- **AIM OF THE EXERCISE**
Everything in the listing below from the line containing "現在、今後の実習で使用するフ" through the line containing "Cartões RSVP de casamento rústicos" must be repeated exactly; the remaining lines are not wanted.

- **AVAILABLE DATA**
----------
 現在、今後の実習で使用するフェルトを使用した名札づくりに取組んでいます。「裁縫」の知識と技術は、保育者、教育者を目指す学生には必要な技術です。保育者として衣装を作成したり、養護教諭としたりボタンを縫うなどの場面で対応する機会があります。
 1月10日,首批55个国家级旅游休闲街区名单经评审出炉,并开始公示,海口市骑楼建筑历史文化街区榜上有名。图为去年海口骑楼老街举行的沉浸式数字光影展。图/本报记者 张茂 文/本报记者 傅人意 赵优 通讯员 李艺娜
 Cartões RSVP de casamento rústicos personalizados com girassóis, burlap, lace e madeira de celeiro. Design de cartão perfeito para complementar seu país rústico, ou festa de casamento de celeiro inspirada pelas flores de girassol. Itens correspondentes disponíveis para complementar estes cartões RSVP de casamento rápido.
----------
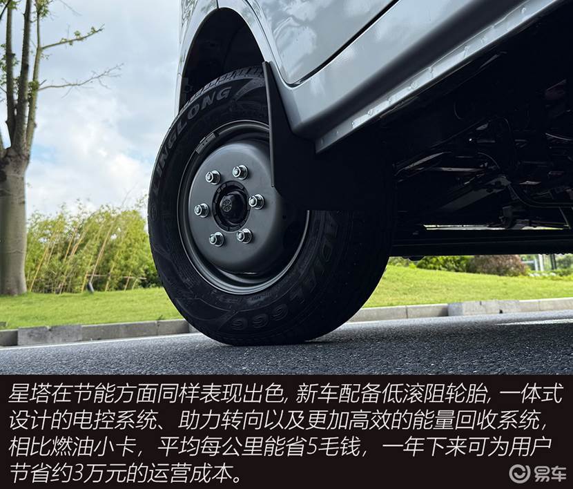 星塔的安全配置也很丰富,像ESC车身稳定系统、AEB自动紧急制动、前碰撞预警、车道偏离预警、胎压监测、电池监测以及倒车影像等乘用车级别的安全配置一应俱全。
----------
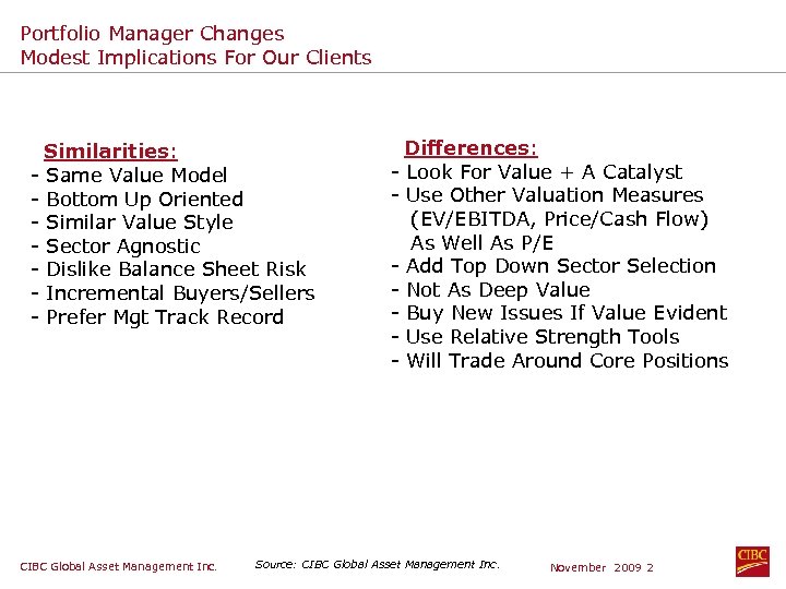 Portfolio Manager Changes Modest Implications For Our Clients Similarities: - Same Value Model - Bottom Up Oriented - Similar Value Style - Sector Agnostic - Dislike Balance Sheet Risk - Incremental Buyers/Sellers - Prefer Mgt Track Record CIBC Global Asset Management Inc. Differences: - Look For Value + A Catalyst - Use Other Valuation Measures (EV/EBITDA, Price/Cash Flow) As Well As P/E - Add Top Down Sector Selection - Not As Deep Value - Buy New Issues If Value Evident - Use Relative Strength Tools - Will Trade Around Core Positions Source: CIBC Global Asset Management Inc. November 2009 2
----------
- **SOLUTION TO THIS TASK**
 現在、今後の実習で使用するフェルトを使用した名札づくりに取組んでいます。「裁縫」の知識と技術は、保育者、教育者を目指す学生には必要な技術です。保育者として衣装を作成したり、養護教諭としたりボタンを縫うなどの場面で対応する機会があります。
 1月10日,首批55个国家级旅游休闲街区名单经评审出炉,并开始公示,海口市骑楼建筑历史文化街区榜上有名。图为去年海口骑楼老街举行的沉浸式数字光影展。图/本报记者 张茂 文/本报记者 傅人意 赵优 通讯员 李艺娜
 Cartões RSVP de casamento rústicos personalizados com girassóis, burlap, lace e madeira de celeiro. Design de cartão perfeito para complementar seu país rústico, ou festa de casamento de celeiro inspirada pelas flores de girassol. Itens correspondentes disponíveis para complementar estes cartões RSVP de casamento rápido.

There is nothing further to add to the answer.